Running water inside a property is one of those essentials without which the house would be uninhabitable. But running water is only good if it is confined to places where it is needed.
Out-of-control water is easily the number one cause of damage to rental real estate. It is a huge issue because water will always find a way through the tiniest of joints and cracks. Also, many times the damage that it results in is not localized to the place where the issue originated. Furthermore, water problems can be very hard to spot.
The best way to fix the damage by water is to prevent it or to catch it early. But catching water problems early requires constant vigilance by the people who live in a property. And this is not always possible if the residents of the property are tenants.
Tenants are not as invested in a property as the owner and they may not take the same level of interest in its upkeep as the owner. Yet, given that tenants are in constant contact with a property, they are in the best position to look out for water problems. Additionally, tenant behavior can also be the cause of those problems.
This is why landlords must find ways to get their tenants to become more involved in preventing water damage to a property. They can do this by allocating responsibility for water damage in such a way that tenants are forced to cooperate.
Here are some questions landlords should be asking:
- Should water damage to a property be the sole responsibility of the property owner?
- Or does a landlord have the right to transfer this burden to the tenants?
- Should it be the joint responsibility of the landlord and tenant?
- Where landlords and tenants are responsible, where do the roles of each begin and end?
The law splits the responsibility for water damage between the owner of a property and the renter. It is important for landlords to know the provisions of the law in order to ensure that tenants play their part. But, as SPMTriangleRentals.com explains, this will only happen if owners include those terms explicitly in the lease agreement and follow through with the appropriate action.
Below are the responsibilities of the owner versus those of the tenant.
The landlord’s responsibilities
The first rule guiding how responsibility for damage is split between landlords and tenants is the implied warranty of habitability. This principle demands that before a property is turned over to a tenant, the owners must first ensure that it is habitable.
A rental property is habitable when it has a functional toilet, hot & cold running water, a tub/shower, along with other necessities. In other words, the amenities in the apartment should be working to a tenant’s satisfaction at the time of tenant move-in.
Secondly, the owner is responsible for maintaining amenities inside a property in good working order. This means it is the owner’s job to undertake repairs on the property, at no cost to the tenant.
They must maintain a property’s implied warranty of habitability. As long as the damage is the result of normal wear and tear, it is a landlord’s responsibility. This includes, but is not limited to, burst pipes, leaky faucets, clogged sewage, inside-the-wall leaks, and all kinds of water problems.
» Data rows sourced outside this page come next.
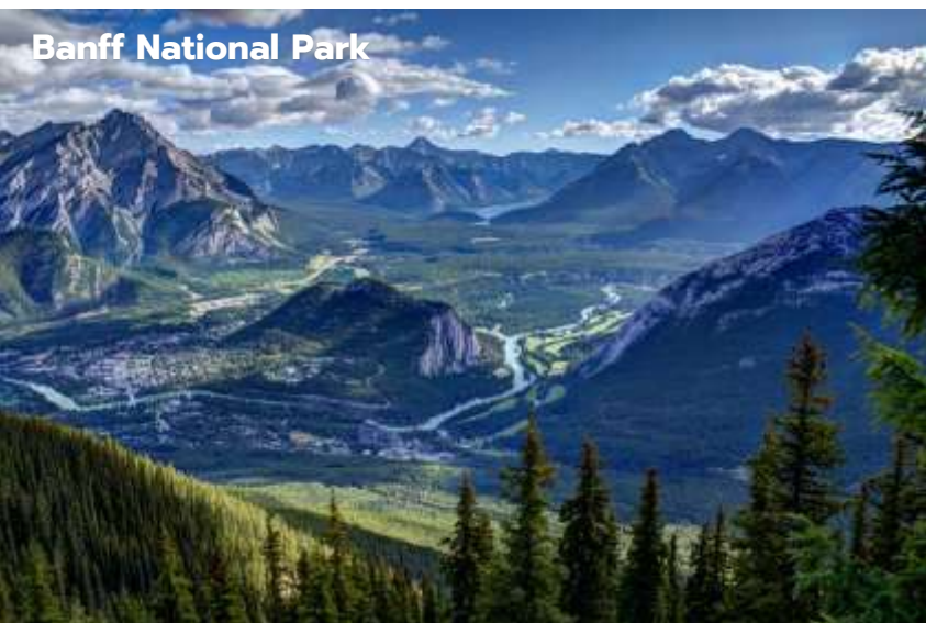
Banff National Park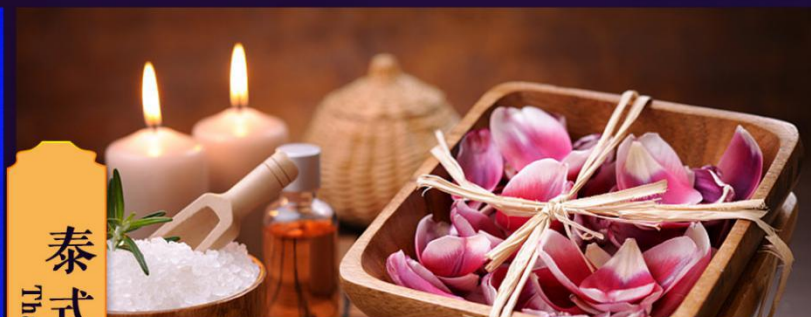
泰式SPA Thai SPA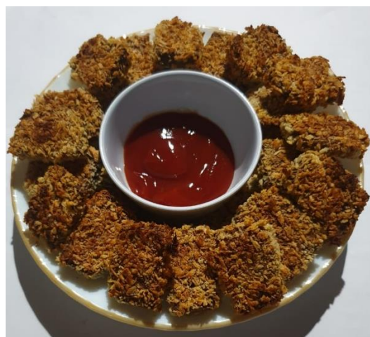
Gambar 4. Nuget Ikan Panggang Berbahan Dasar Mangrove sebagai Makanan Eksotis

Disisi lain pembuatan nugget ikan panggang berbahan dasar mangrove dan ikan adalah sama dengan nugget ikan hanya 15% tepung tapioka diganti dengan tepung buah mangrove S.alba . Selanjutnya produk dilumuri dengan tepung roti tetapi tidak digoreng tetapi dipanggang di oven sampai warna kuning kecoklatan yang menarik. Nugget ikan panggang berbahan dasar mangrove dan ikan dapat dilihat pada Gambar 4.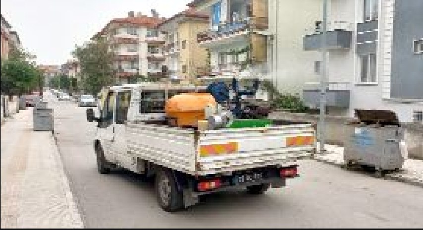
Çorum Belediyesi Temizlik İşleri Müdürlüğü ekipleri, hava sıcaklıklarının artması nedeniyle bu yıl vektörel mücadele çalışmalarına erken başladı.

Vatandaşlara da çağrıda bulunan Başkan Yardımcısı Tuncel, "Evsel katı atıklarınızı çöp poşetine koyarak ağız kapalı bir şekilde çöp konteynırına bırakınız ve konteynır kapaklarını kapalı tutunuz. Evlerinizde ve bahçelerinizde uzun süre çöp bulundurmayınız. Hayvan gübrelere açıkta bırakmayınız, yığın haline getirip üzerine toprak veya kireçle örtünüz" dedi. (Haber Merkezi)

But there will be times when the burden for paying for repairs is transferred from the owner to the tenant.
Tenants are responsible for informing a landlord when they notice a problem in the apartment. For example, if the tenant notices that the walls are damp, the flooring is softer and the water bill is unusually high, they are expected to notify the owner immediately.
Where the tenant fails to inform the landlord, the tenant will be partly responsible for fixing the damage.
Furthermore, after a tenant has found a water problem and reported it to the landlord, the tenant is responsible for securing their own property. If the tenant fails to move their belongings out of the way of the water, the landlord will not be liable for whatever happens to the tenant’s belongings.
Tenants are responsible for the damage that is caused by their personal belongings. If, for instance, a tenant’s washing machine develops a leak and damages the property, the tenant is not only responsible for fixing the machine but for repairing the damage to the property also.
Damage which results from the tenant’s carelessness or neglect will be fixed by the tenant. Examples of such behavior include flushing things down a toilet and causing it to become blocked. Or leaving a tap open and flooding the property. These include damage caused by the tenant’s children, pets, and employees.
These are the rules guiding landlords’ and tenants’ responsibility for water damage to the property. However, what the law says and what a landlord experiences may be worlds apart if the owner is not careful to enforce the rules.
The first step to securing the tenant’s cooperation is to include the terms in the lease agreement. The second step is for the landlords to live up to their own part of the agreement.